His confusion doubles. I watch his brows raise a smidge when he realizes.

“Splices,” he says. “You’re saying there’s a splice around here?”

He looks around dramatically.

“Yeah. Recently.”

“Huh.”

He continues to follow me as I collect more samples. Some obviously contaminated with sewage.

Ugh.

It is what it is. I have to deal with all kinds of biological matter. It’s the job. That’s why I’m wearing disposable gloves, goggles and waders.

“What kind of splice? Maybe I seen it.”

I shake my head. “You would know if you saw it. It’s a large mammal. Carnivorous. They haven’t mapped its genetics yet, but it was alarming enough for us to start looking right away.”

“But how will you find it if you don’t know what to look for?” he asks. This guy’s default setting seems to be perplexity.

“I’m just collecting samples.”

“Oh.”

He’s quiet as he follows me to the ditch at the edge of his property and I finish up, opening my trunk to secure the samples, tapping my phone to the sensor on the case, then peeling off my protective gear and stuffing it into a biohazard container.

“Should I be worried? We have kids —”

“It’s just a precaution,” I assure him as I mist my hair and clothes with decontaminating agent. “Scan the back of that pamphlet to access a chatbot that will answer all of your questions.”

“Uh-huh.”

“Have a good day sir.”

I get into the single-occupancy drone. It’s not mine, it’s provided by the department. It even has a government seal on the side.
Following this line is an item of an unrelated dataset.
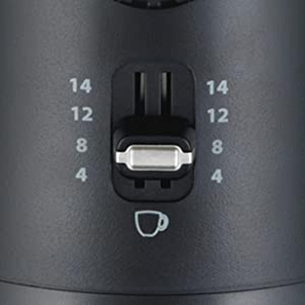 - Indicador de múltiples configuraciones de molido le permiten personalizar su café con precisión

When I was in school and imagined the research I would be doing in the field I never thought it would be tracking splices. I thought I would be making splices. Maybe if I had been born a decade or two earlier. Now most of the gene-crisping techniques are illegal and those that aren’t are patented. It’s not like back in the day when any layperson could alter the genes of their houseplants, pets, children as easily as they edit a spreadsheet.

When I first joined up, we focused on tracking dogs and cats. We didn’t have to kill these animals, thank goodness. They were sterilized. It was exciting work though. I have held a full-grown German shepherd in the palm of my hand. Size of a hamster. I transported an adult giant panda that was as small as a squirrel. We tracked a squirrel as big as a Rottweiler that had iridescent lime-green fur.

All of the cute cases are gone. Now it’s all plants, fungi and bacteria.

Except this outlier. The DNA had made its way into our monitor. It was set up to catch algae, but it caught — something else. Something mammalian.

As the drone hovers over the property, I can see that they have a serious sewage issue. I’d be surprised if they don’t have problems with their local government about it, with the way it’s getting into the creek.

The drone takes a moment to orient itself, spinning slowly one way, then another.

I see a woman with brightly coloured hair meet the man as he steps onto the porch. Her hair is neon green and yellow. She must colour it herself, to keep it so vibrant and be so far from town. Her skin is very — it’s green. Skin the same bright green as her hair.

Grabbing my phone, I pull up the video feed from under the drone in time to see a little girl come out of the house, exactly the same shade of green as the woman.

Gotcha.

The story behind the story

Mimi Cloutier reveals the inspiration behind Sample.

Inspiration for this story first sparked a few years ago when there was a ‘bio-hacker’ in the news who had received a call from the US Food and Drug Administration warning him not to sell genetically edited dalmatians without its approval.

As I scrolled through the article, advertisements were letting me know that kits could be purchased and mailed to my home so that I could learn to make precision genome edits in bacteria.

This made me wonder what a future might look like where gene editing is commonplace. How will a tool like this be regulated? What will happen to ‘illegally edited’ plants, animals and people? What will be the ecological and cultural fallout of all this?